The bearish sentiment around oil has grown more feverish in recent days, lopping more than $11 off prices in the previous three trading sessions alone. A barrel of crude hasn't been this cheap in almost 14 months.
The pullback comes as a widening economic slowdown forces a wholesale contraction in U.S. energy demand: Americans are driving less, airlines are keeping more planes on the ground and businesses are ramping down operations.
Highlighting the weak appetite for energy, U.S. filling stations hungry for business ratcheted down prices for a gallon of regular by another 4.4 cents overnight to a new national average of $3.04, according to auto club AAA, the Oil Price Information Service and Wright Express. That's 26 percent lower than the all-time high of $4.114 reached July 17 but 8.7 percent higher than a year ago.
Still, 23 states are now seeing average pump prices below $3, according to AAA, and the average for the entire country is expected to hit that mark sometime this weekend.
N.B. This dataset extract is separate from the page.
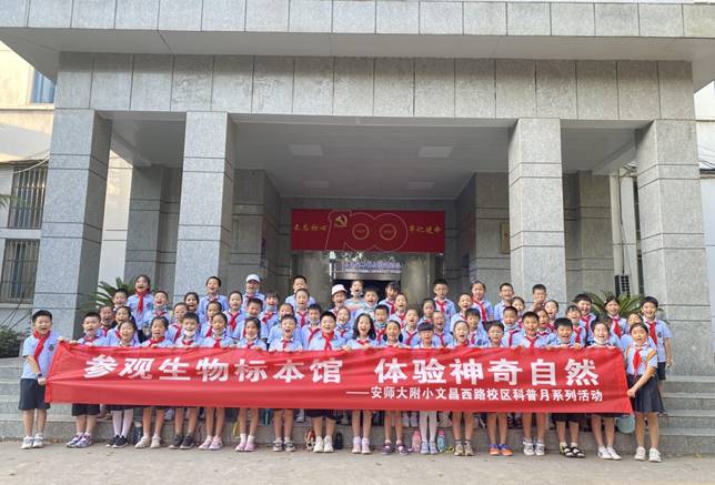走进生物标本馆,感受自然魅力。9月23日下午,安师大附小文昌西路校区科普活动在安徽师范大学生命科学学院生物标本馆举行。生命科学学院的老师及领队早早就在学院标本馆门前迎接同学们的到来。随后,老师带领同学们走入标本馆,领略生命的多姿多彩。

Prices haven't been below $3 nationally since Feb. 16.
"Depending upon how things go in the next few months, we might have another significant move down in gas prices. You're probably talking another 20 cents lower," said Gene McGillian, an analyst at TFS Energy LLC in Stamford, Conn.
Worried about the financial fallout of the oil price drop, the Organization of the Petroleum Producing Countries, which controls 40 percent of the world's oil supply, called a special meeting for next Friday in Vienna, Austria to address the slide. Underscoring the cartel's anxiety, it moved up the date of the meeting by nearly a month.
An Iraqi lawmaker said Friday the government expects to cut its budget next year by $15 billion because of falling oil prices. Abbas al-Bayati, a senior lawmaker of the United Iraqi Alliance, the largest Shiite bloc in parliament, said the recent plunge would cut into earlier budget estimates, which were made when crude was hovering around $120 a barrel.
Analysts say OPEC could decide to trim output by as much as 1 million barrels a day in a bid to halt the slide, in addition to a 500,000 barrel per day cut announced last month.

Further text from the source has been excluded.